Qwen3.5-35B-A3B. 8X80GB GPU will likely OOM due to the model size. Use 8X192GB GPU or more GPUs.

```shell
bash train.sh tasks/train_text.py configs/text/qwen3_5_sft.yaml \
    --model.model_path ${HOME}/Qwen3.5-35B-A3B \
    --model.ops_implementation.moe_implementation fused \
    --data.train_path ${HOME}/tulu-first2000.parquet \
    --train.accelerator.fsdp_config.fsdp_mode fsdp2 \
    --train.init_device meta \
    --train.global_batch_size 16 \
    --train.checkpoint.output_dir /mnt/local/localcache00
```

## Ulysses Sequence Parallelism

Qwen3.5 supports Ulysses sequence parallelism for both its softmax attention layers and
linear attention (GatedDeltaNet) layers. This enables training with longer sequences by
distributing the sequence across multiple GPUs.

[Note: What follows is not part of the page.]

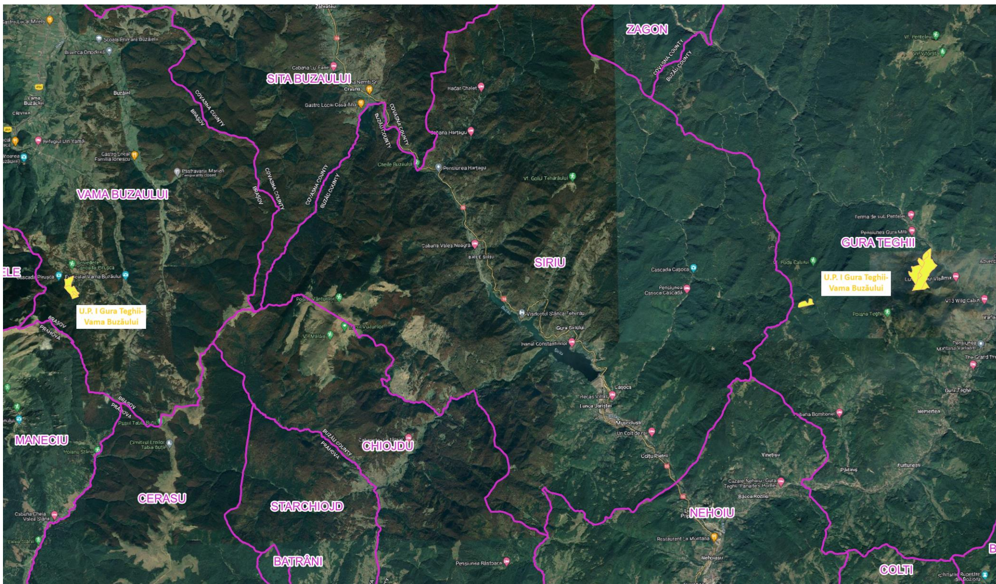
Figură 1: Localizarea U.P. I Gura Teghii-Vama Buzăului

To enable Ulysses SP, set `ulysses_parallel_size` in your config. The total GPU count must
equal `data_parallel_size * ulysses_parallel_size`.

```shell
# Example: 8 GPUs, dp=4, sp=2
bash train.sh tasks/train_text.py configs/text/qwen3_5_sft.yaml \
    --model.model_path ${HOME}/Qwen3.5-9B \
    --data.train_path ${HOME}/tulu-first2000.parquet \
    --train.data_parallel_size 4 \
    --train.ulysses_parallel_size 2 \
    --train.attn_implementation flash_attention_3
```

### Requirements

- `flash_attention_2` or `flash_attention_3` attention implementation (softmax layers use
  VeOmni's flash attention with built-in SP support).
- [flash-linear-attention](https://github.com/fla-org/flash-linear-attention) installed
  (for GatedDeltaNet triton kernels).
- `num_k_heads` and `num_v_heads` (linear attention head counts) must be divisible by
  `ulysses_parallel_size`.

### How It Works

Qwen3.5 is a hybrid model alternating between softmax and linear attention layers:

- **Softmax attention layers** — SP is handled transparently by VeOmni's `flash_attention_forward`,
  which performs all-to-all gather/scatter around the flash attention kernel.
- **Linear attention layers (GatedDeltaNet)** — SP is handled explicitly in the patched
  `Qwen3_5GatedDeltaNet.forward`. Q/K/V/b/a projections are all-to-all'd to gather the full
  sequence with local heads, the causal conv1d runs with sharded weights, the recurrent attention
  kernel runs on local heads, and the output is all-to-all'd back.

For detailed implementation notes, see the
[Ulysses documentation](../key_features/ulysses.md#-linear-attention-ulysses-gateddeltanet).